Ceftaroline (PPI 0903, formerly TAK-599), the active metabolite of a N-phosphono prodrug, ceftaroline fosamil, has been approved by the US Food and Drug Administration for the treatment of acute bacterial skin and skin structure infections and community-acquired bacterial pneumonia. This antimicrobial agent binds to penicillin binding proteins (PBP) inhibiting cell wall synthesis and has a high affinity for PBP2a, which is associated with methicillin resistance. Ceftaroline is consistently active against multidrug-resistant Streptococcus pneumoniae and Staphylococcus aureus, including methicillin-resistant, vancomycin-intermediate, linezolid-resistant, and daptomycin-nonsusceptible strains. It possesses variable activity against Enterobacteriaceae and good activity against oral anaerobes. The drug is usually administrated intravenously at 600 mg every 12 h. Ceftaroline has low protein binding and is excreted by the kidneys and thus requires dose adjustments in individuals with renal failure. Clinical trials have demonstrated noninferiority when compared with vancomycin in the treatment of acute bacterial skin and skin structure infections and noninferiority when compared with ceftriaxone in the treatment of community-acquired bacterial pneumonia. Ceftaroline demonstrated a safety profile similar to that of comparator drugs in clinical trials.
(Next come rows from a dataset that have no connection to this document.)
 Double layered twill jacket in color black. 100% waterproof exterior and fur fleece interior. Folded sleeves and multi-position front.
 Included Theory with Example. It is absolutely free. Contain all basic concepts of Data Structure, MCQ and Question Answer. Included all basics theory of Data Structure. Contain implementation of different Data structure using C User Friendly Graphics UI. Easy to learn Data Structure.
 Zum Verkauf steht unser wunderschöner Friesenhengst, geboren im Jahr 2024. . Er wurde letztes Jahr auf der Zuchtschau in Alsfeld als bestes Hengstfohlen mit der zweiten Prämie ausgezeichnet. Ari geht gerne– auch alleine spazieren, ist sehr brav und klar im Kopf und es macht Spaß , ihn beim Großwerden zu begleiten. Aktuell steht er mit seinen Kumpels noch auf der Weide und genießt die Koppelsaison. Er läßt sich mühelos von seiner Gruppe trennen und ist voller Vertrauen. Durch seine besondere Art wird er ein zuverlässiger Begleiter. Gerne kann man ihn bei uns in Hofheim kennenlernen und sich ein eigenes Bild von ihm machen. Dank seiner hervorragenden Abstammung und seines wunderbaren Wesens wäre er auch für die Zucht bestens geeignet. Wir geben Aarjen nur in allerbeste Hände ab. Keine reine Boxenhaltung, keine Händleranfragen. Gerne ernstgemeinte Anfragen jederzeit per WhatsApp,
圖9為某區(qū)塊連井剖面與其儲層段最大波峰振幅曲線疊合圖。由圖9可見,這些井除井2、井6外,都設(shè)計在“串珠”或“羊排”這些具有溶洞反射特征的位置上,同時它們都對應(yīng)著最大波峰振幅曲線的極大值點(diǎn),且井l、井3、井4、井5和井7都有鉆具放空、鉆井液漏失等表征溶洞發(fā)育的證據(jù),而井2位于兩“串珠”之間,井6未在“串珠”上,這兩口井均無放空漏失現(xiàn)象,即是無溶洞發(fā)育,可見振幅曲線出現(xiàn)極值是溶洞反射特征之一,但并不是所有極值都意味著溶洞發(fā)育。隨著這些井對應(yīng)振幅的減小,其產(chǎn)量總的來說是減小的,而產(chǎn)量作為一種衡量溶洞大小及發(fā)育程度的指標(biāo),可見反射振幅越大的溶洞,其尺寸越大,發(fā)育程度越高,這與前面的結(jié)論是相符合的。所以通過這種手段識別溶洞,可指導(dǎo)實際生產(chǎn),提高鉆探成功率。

头孢洛林(PPI 0903,前身为 TAK-599)是 N-膦酸酯前药头孢洛林磷酸二酰胺的活性代谢物,已获美国食品和药物管理局批准用于治疗急性细菌性皮肤和皮肤结构感染和社区获得性细菌性肺炎。这种抗菌药物与青霉素结合蛋白(PBP)结合,抑制细胞壁合成,对与耐甲氧西林相关的 PBP2a 具有高亲和力。头孢洛林对多种耐药性肺炎链球菌和金黄色葡萄球菌始终具有活性,包括耐甲氧西林、万古霉素中介、利奈唑胺耐药和达托霉素不敏感株。它对肠杆菌科具有可变的活性,对口腔厌氧菌具有良好的活性。该药通常每 12 小时静脉注射 600mg。头孢洛林的蛋白结合率低,主要经肾脏排泄,因此在肾功能衰竭患者中需要调整剂量。临床试验表明,头孢洛林在治疗急性细菌性皮肤和皮肤结构感染方面与万古霉素相比非劣效,在治疗社区获得性细菌性肺炎方面与头孢曲松相比非劣效。头孢洛林在临床试验中的安全性与对照药物相似。